Could you output each line below exactly as it appears, excluding any pictures?

(Records from a collection)
[Start of Attachment]
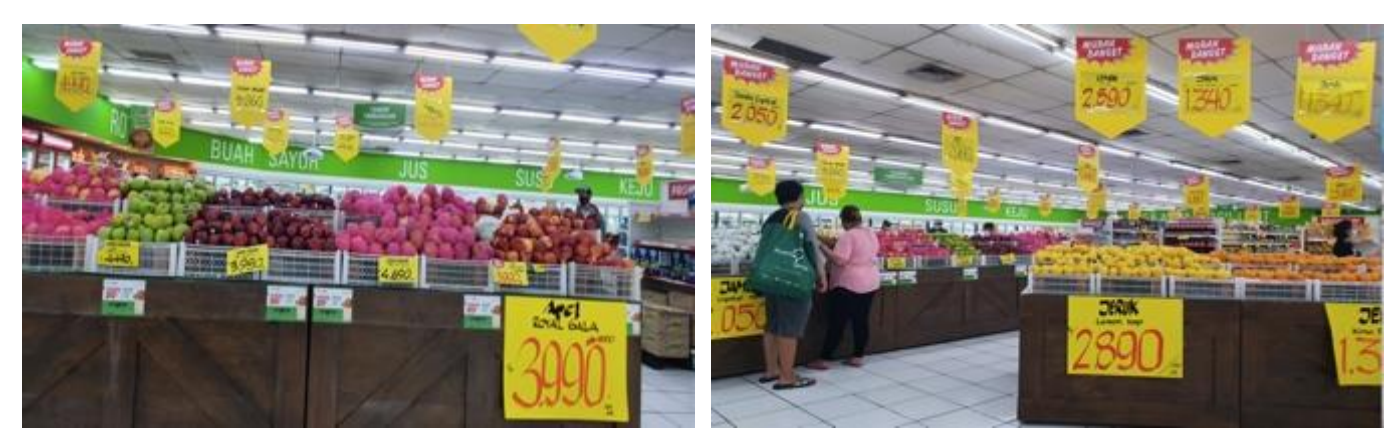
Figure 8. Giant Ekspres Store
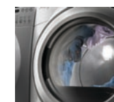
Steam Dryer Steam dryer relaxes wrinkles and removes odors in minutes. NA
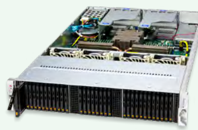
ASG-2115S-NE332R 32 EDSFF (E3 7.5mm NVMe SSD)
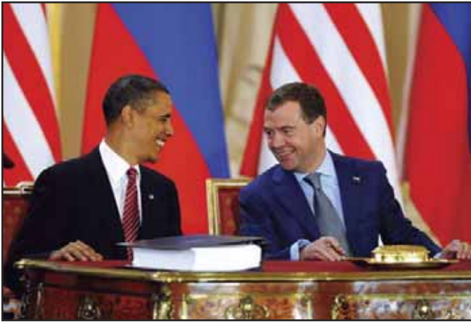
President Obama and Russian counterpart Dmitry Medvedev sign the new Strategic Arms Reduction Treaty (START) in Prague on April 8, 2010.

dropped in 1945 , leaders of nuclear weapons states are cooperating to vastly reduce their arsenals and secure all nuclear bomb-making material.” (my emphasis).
[End of Attachment]
▶ [Response below]
Figure 8. Giant Ekspres Store
Steam Dryer Steam dryer relaxes wrinkles and removes odors in minutes. NA
ASG-2115S-NE332R 32 EDSFF (E3 7.5mm NVMe SSD)
President Obama and Russian counterpart Dmitry Medvedev sign the new Strategic Arms Reduction Treaty (START) in Prague on April 8, 2010.

dropped in 1945 , leaders of nuclear weapons states are cooperating to vastly reduce their arsenals and secure all nuclear bomb-making material.” (my emphasis).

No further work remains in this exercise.